Lentz v. State, 169 Ark. 31 (1925)

June 15, 1925 · Arkansas Supreme Court
169 Ark. 31

Lentz v. State.

Opinion delivered June 15, 1925.

1. Criminal law — character evidence. — The prosecution may not resort to proof -of accused’s bad character as a circumstance from which to infer guilt, since, if such testimony should be admitted, the accused might be overwhelmed by prejudice, instead of being tried upon evidence affirmatively showing his guilt of the specific offense with which he is charged.

2. Criminal law — evidence as to reputation. — The general good character of the defendant in a criminal case is always admissible with regard to the particular trait involved in the charge against him, but the State is not privileged to offer character evidence except by way of rebuttal.

Appeal from Van Burén Circuit Court; J. M. SMnn, Judge;

reversed.

J. F. Koone 'and J. F. Henley, for appellant.

H. W. Applegate, Attorney General, ,and John L. Carter, Assistant, for appellee.

Wood, J.

This is an appeal from a judgment sentencing the appellant to two years’ imprisonment in the State penitentiary on a verdict finding him guilty of voluntary manslaughter in the killing of Herbert Rhoades. The testimony of the witnesses for the State tended to support the verdict. The testimony of witnesses for the defendant tended to prove that Rhoades was the aggressor and that appellant cut and killed Rhoades in self-defense.

*32Over the objection of appellant, several witnesses for the State were permitted to testify that they were acquainted with the general reputation of the appellant in the community where he resided; that his reputation for being a quarrelsome, troublesome, fractious and overbearing man was bad. The appellant had not then called, and did not thereafter call, any witnesses to testify that his reputation was not that of a quarrelsome, troublesome, fractious and over-bearing man.
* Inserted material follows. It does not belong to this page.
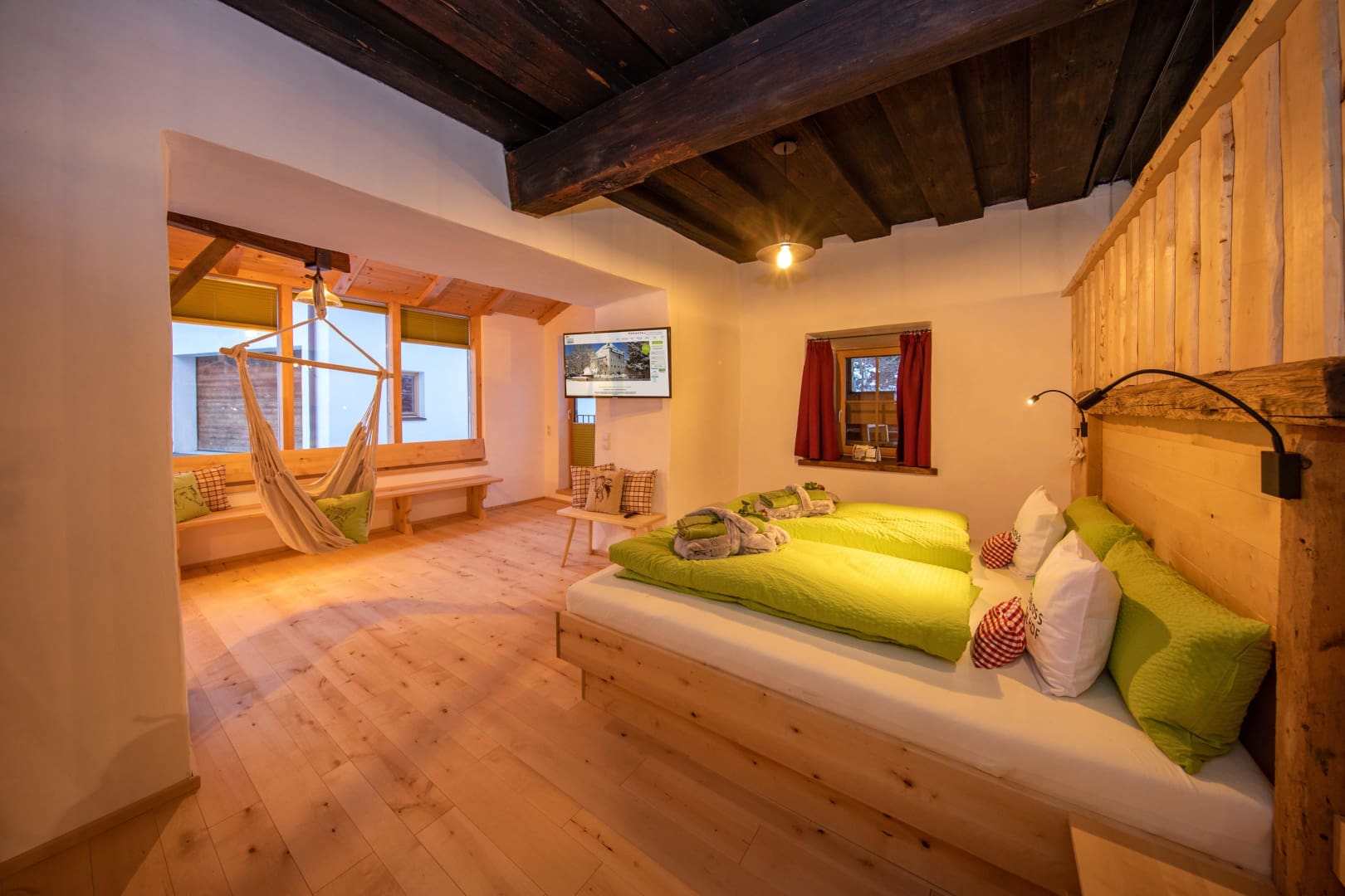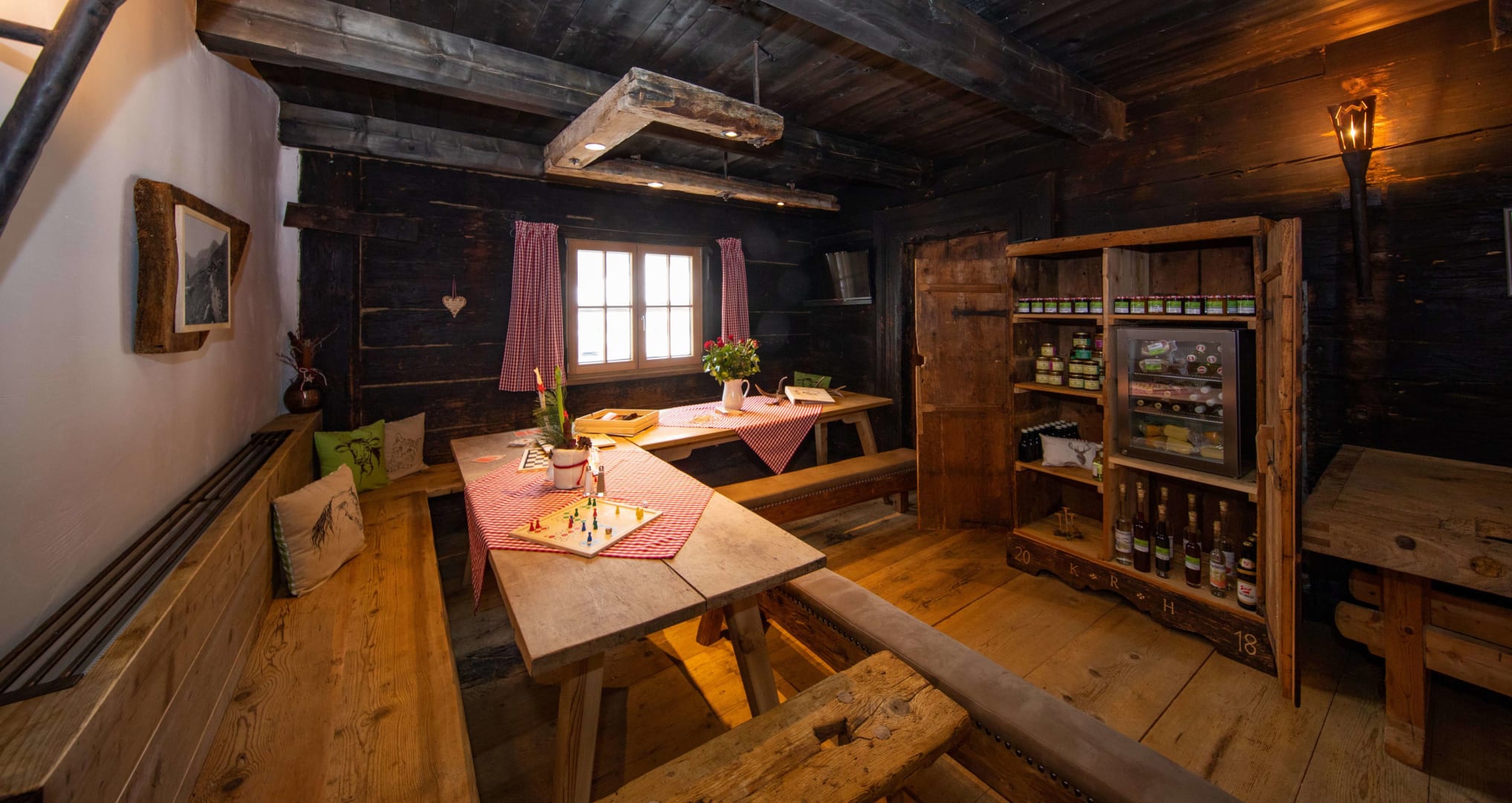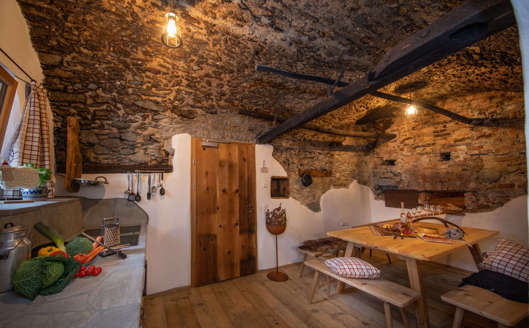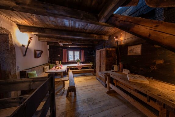 Es bietet mit 7-8 vollwertigen Schlafzimmern, 5 Bädern, 4 separaten WCs, einem großen gemeinsamen Essbereich und Lounge im 1. Stock Gruppen und Familien von 14 bis 27 Personen Platz. Die große Küche der Moarstube bietet sich zum gemeinsamen Kochen an. Trotzdem hat jede Familie einen eigenen Rückzugsbereich durch die Aufteilung in 4 Appartements: Schulzimmer, Backstube, Moarstube und Hiatakammer.

The appellant contends that the ruling of the court in admitting the testimony of these witnesses is error for which the judgment should be reversed and the cause remanded for new trial. The appellant is correct in his contention. It is the well-settled doctrine of this court that the prosecution cannot resort to the accused’s bad character as a circumstance from which to infer guilt; the reason being that, “if such testimony should be admitted, the defendant might be overwhelmed by prejudice, instead of being tried upon evidence affirmatively showing his guilt of the specific offense with which he is charged.'” Ware v. State, 91 Ark. 555; Younger v. State, 100 Ark. 320; Suffield v. State, 120 Ark. 458. This doctrine is not in conflict with the rule also announced long ago in this State, and never since departed from, that “a person upon trial for a crime charged against him has a right to offer in his defense testimony of his good character. This is, and ought to be the general rule. One limitation, however, is laid down by the authorities, namely,' that in such case the character sought to be proved must not be general, but .such as would make it unlikely that the defendant would be guilty of the .particular crime with which he is charged.” In other words, the general good character of the defendant is always admissible on' behalf of the defendant with regard to the particular trait involved in the nature of the charge where the defendant desires to make such proof. Key v. State, 28 Ark. 155-164; Edmunds v. State, 34 Ark. 720-742; Whitley v. State, 114 Ark. 243-251; Seaton v. State, 151 Ark. 240-244.

*33To be sure, if the defendant has adduced evidence of his general reputation as to his good character concerning a particular trait or disposition, then the State, by way of rebuttal, may offer evidence as to the general reputation of the defendant’s bad character concerning the particular trait or disposition involved in the charge against the accused. But the State is not privileged to offer such evidence except by way of rebuttal. See Ware v. State, supra; Younger v. State, supra; Suffield v. State, supra; Uinderhill on Evidence, § 137; 2 Rice on Evidence (Civil) § 508.

For the error indicated the judgment is reversed, and the cause will be remanded for a new trial.